* WHAT TO DO *
Please write out every line of the material, leaving out any picture.

* DATASET EXCERPT *
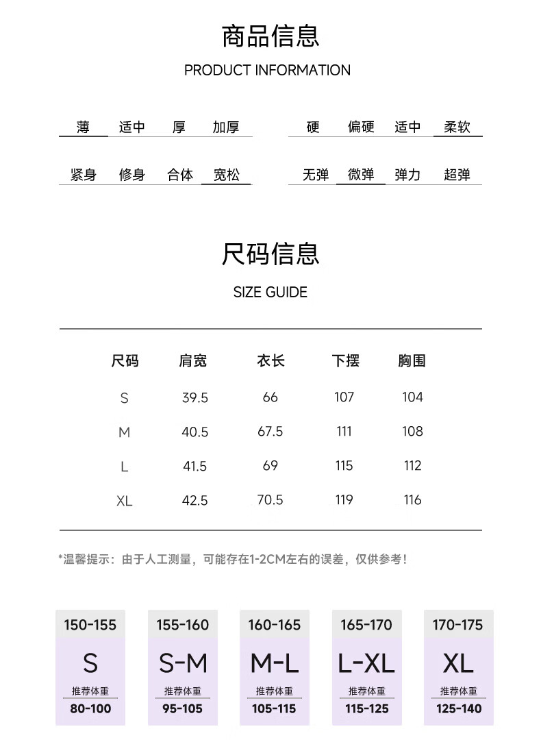 China (cm) 160-165/84-86 165-170 / 88-90 167-172 / 92-96 168-173 / 98-102 170-176 / 106-110
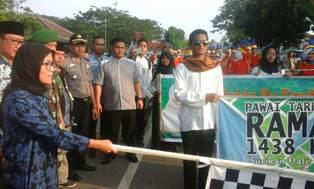 RANGKASBITUNG - Jelang bulan suci Ramadhan, Bupati Lebak Iti Octavia Jayabaya beserta jajarannya serta semua unsur Muspida lepas pawai tahrib dipelataran parkir barat alun-alun Kota Rangkasbitung, Jumat (25/5/2017).
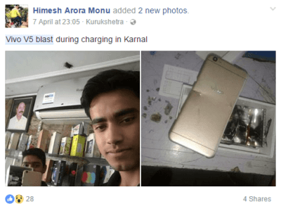 Dalam postingannya, Himesh mengatakan bahwa Vivo V5 miliknya meledak sesaat setelah ia melakukan pengisian baterai.
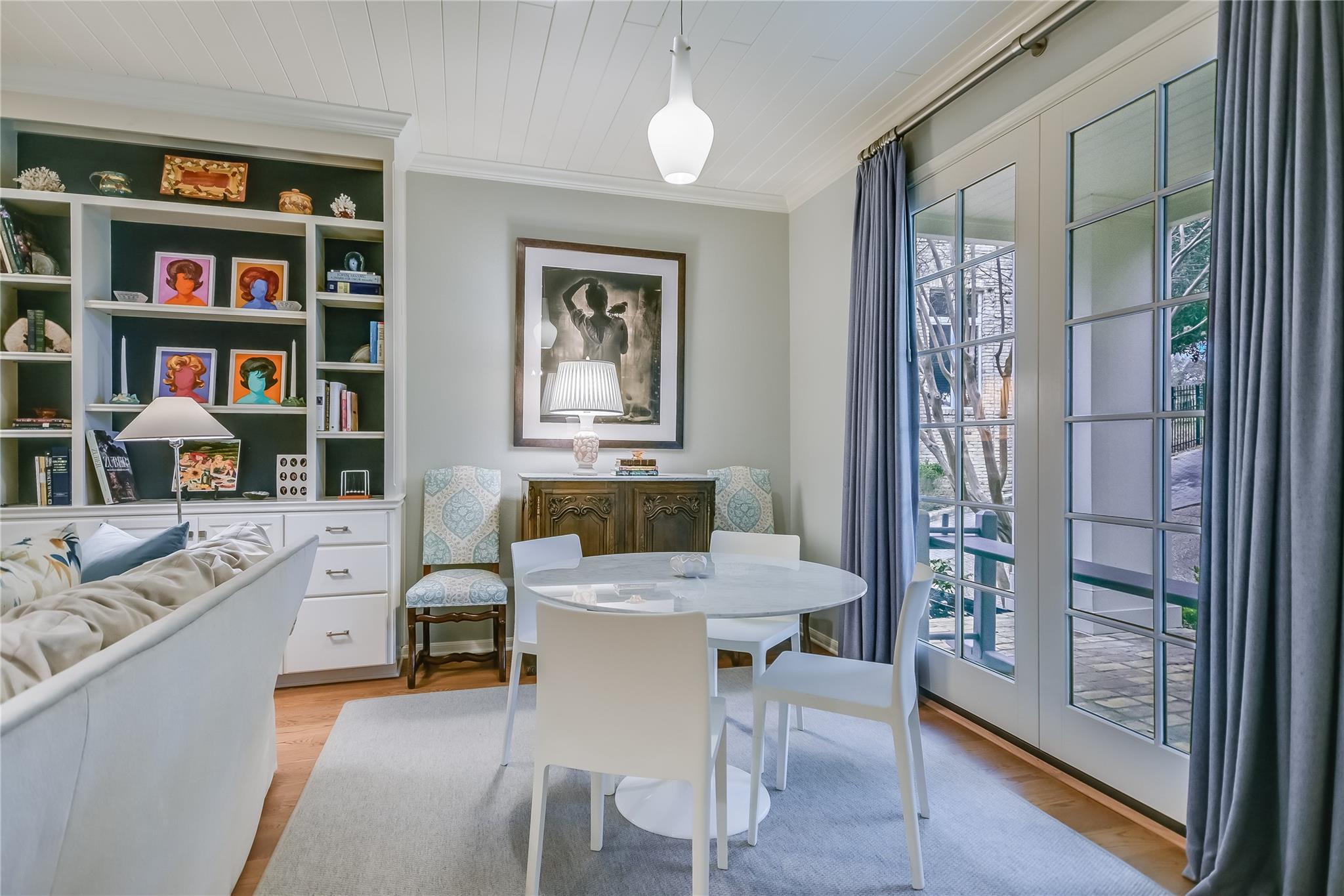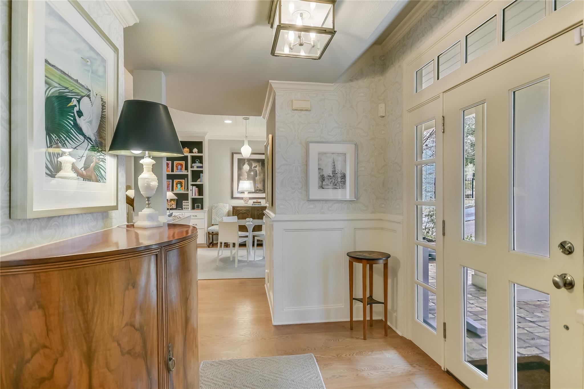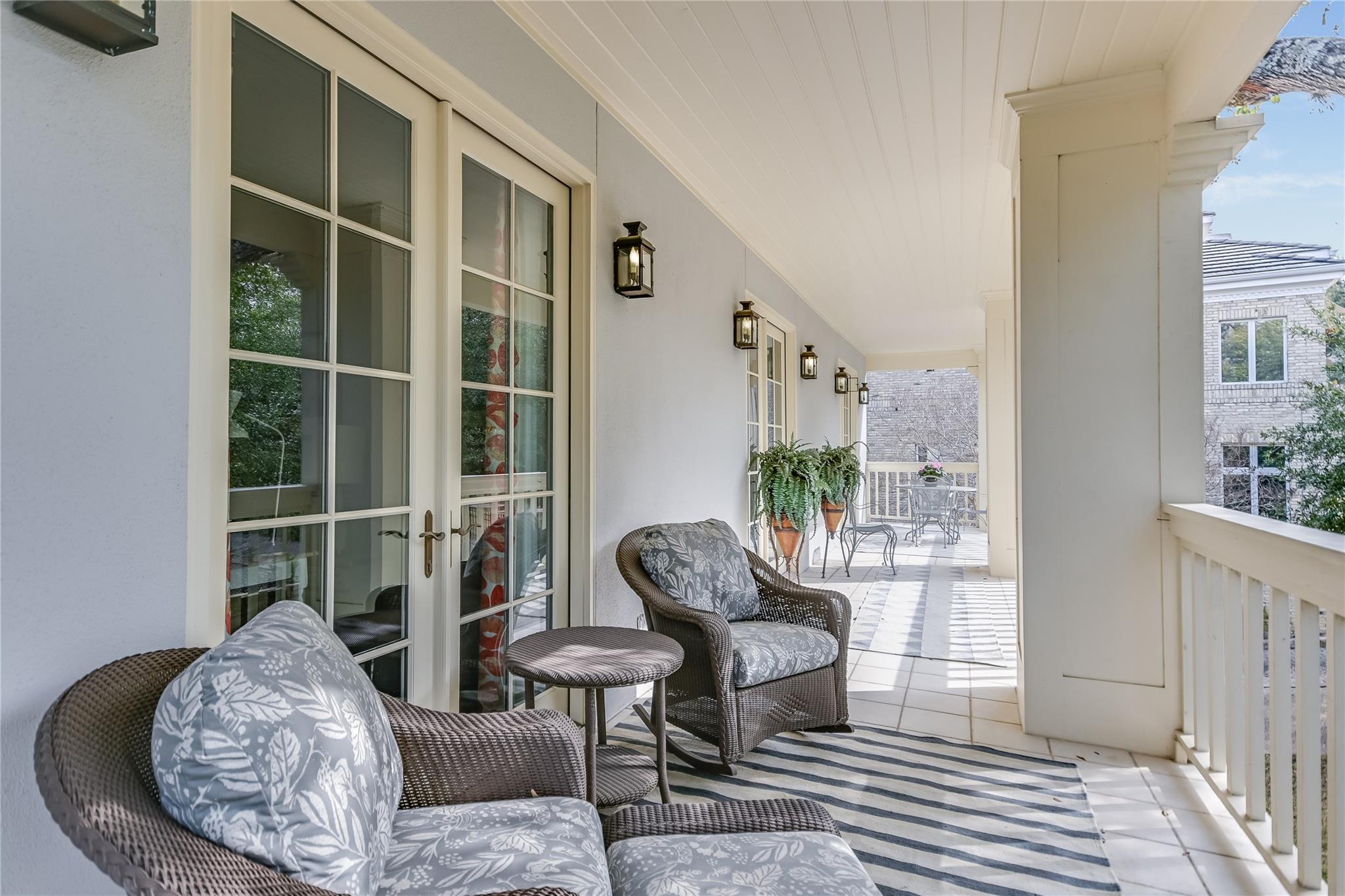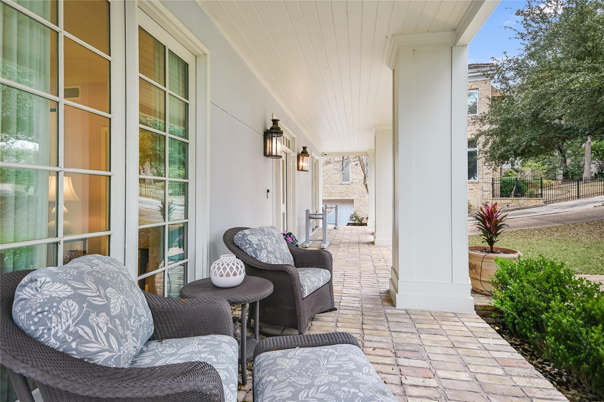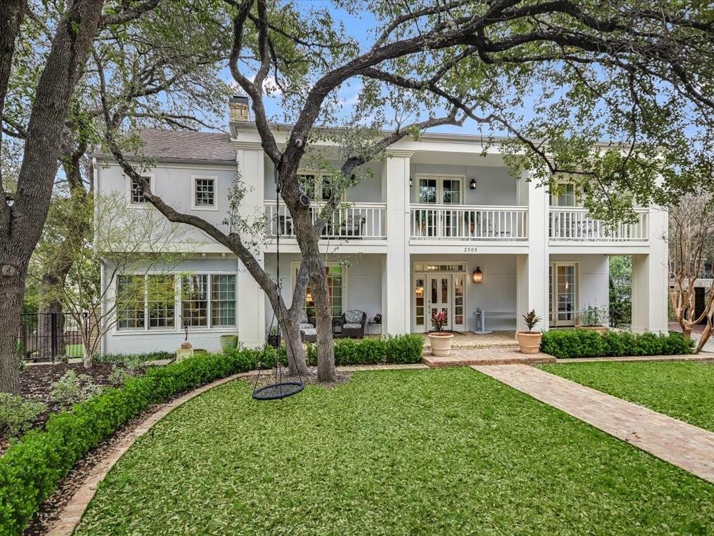 Tucked away on a quiet cul-de-sac in the very heart of Tarrytown, this Southern Colonial home offers the perfect blend of classic style with modern updates. Thoughtfully situated on a terraced and landscaped quarter acre lot, this gracious home welcomes you with inviting covered porches that run the length of the home and connect to the shared living spaces. Comprehensively updated with a host of unique designer finishes, the quality and attention to detail is evident throughout. The main level's circular floor plan includes elegant formal living and dining areas, an inviting kitchen-adjacent den with casual dining and a light-filled sunroom that opens to an expansive screened porch. Each room offers its own collection of unique features including custom mill work and high quality architectural details. The bright, well-appointed kitchen includes a suite of top-of-the line appliances, quartzite counters and opens to both the family room and a large screened porch. With room for both dining and relaxing, the screened porch provides a perfect year-round extension of the indoor living spaces. The second floor offers an impressive primarily bedroom suite with a dedicated dressing room, two professionally organized walk-in closets and a luxe marble-accented bathroom. Multiple sets of French doors lead to a covered porch and create a relaxing and private retreat. Three additional bedrooms (one with peek-a-boo winter views of Lake Austin) and two additional bathrooms round out the upper level. Accessible through its own private entrance, an updated and modern guest suite includes a light-filled bedroom, kitchenette and full bathroom. Additional exterior features include a large, flat, turfed back yard and custom steel planters. This exceptional home offers the best of in-town living with convenience and proximity to Tarrytown restaurants and amenities, Lake Austin access and top schools.

* WRITTEN ANSWER *
 China (cm) 160-165/84-86 165-170 / 88-90 167-172 / 92-96 168-173 / 98-102 170-176 / 106-110
 RANGKASBITUNG - Jelang bulan suci Ramadhan, Bupati Lebak Iti Octavia Jayabaya beserta jajarannya serta semua unsur Muspida lepas pawai tahrib dipelataran parkir barat alun-alun Kota Rangkasbitung, Jumat (25/5/2017).
 Dalam postingannya, Himesh mengatakan bahwa Vivo V5 miliknya meledak sesaat setelah ia melakukan pengisian baterai.
 Tucked away on a quiet cul-de-sac in the very heart of Tarrytown, this Southern Colonial home offers the perfect blend of classic style with modern updates. Thoughtfully situated on a terraced and landscaped quarter acre lot, this gracious home welcomes you with inviting covered porches that run the length of the home and connect to the shared living spaces. Comprehensively updated with a host of unique designer finishes, the quality and attention to detail is evident throughout. The main level's circular floor plan includes elegant formal living and dining areas, an inviting kitchen-adjacent den with casual dining and a light-filled sunroom that opens to an expansive screened porch. Each room offers its own collection of unique features including custom mill work and high quality architectural details. The bright, well-appointed kitchen includes a suite of top-of-the line appliances, quartzite counters and opens to both the family room and a large screened porch. With room for both dining and relaxing, the screened porch provides a perfect year-round extension of the indoor living spaces. The second floor offers an impressive primarily bedroom suite with a dedicated dressing room, two professionally organized walk-in closets and a luxe marble-accented bathroom. Multiple sets of French doors lead to a covered porch and create a relaxing and private retreat. Three additional bedrooms (one with peek-a-boo winter views of Lake Austin) and two additional bathrooms round out the upper level. Accessible through its own private entrance, an updated and modern guest suite includes a light-filled bedroom, kitchenette and full bathroom. Additional exterior features include a large, flat, turfed back yard and custom steel planters. This exceptional home offers the best of in-town living with convenience and proximity to Tarrytown restaurants and amenities, Lake Austin access and top schools.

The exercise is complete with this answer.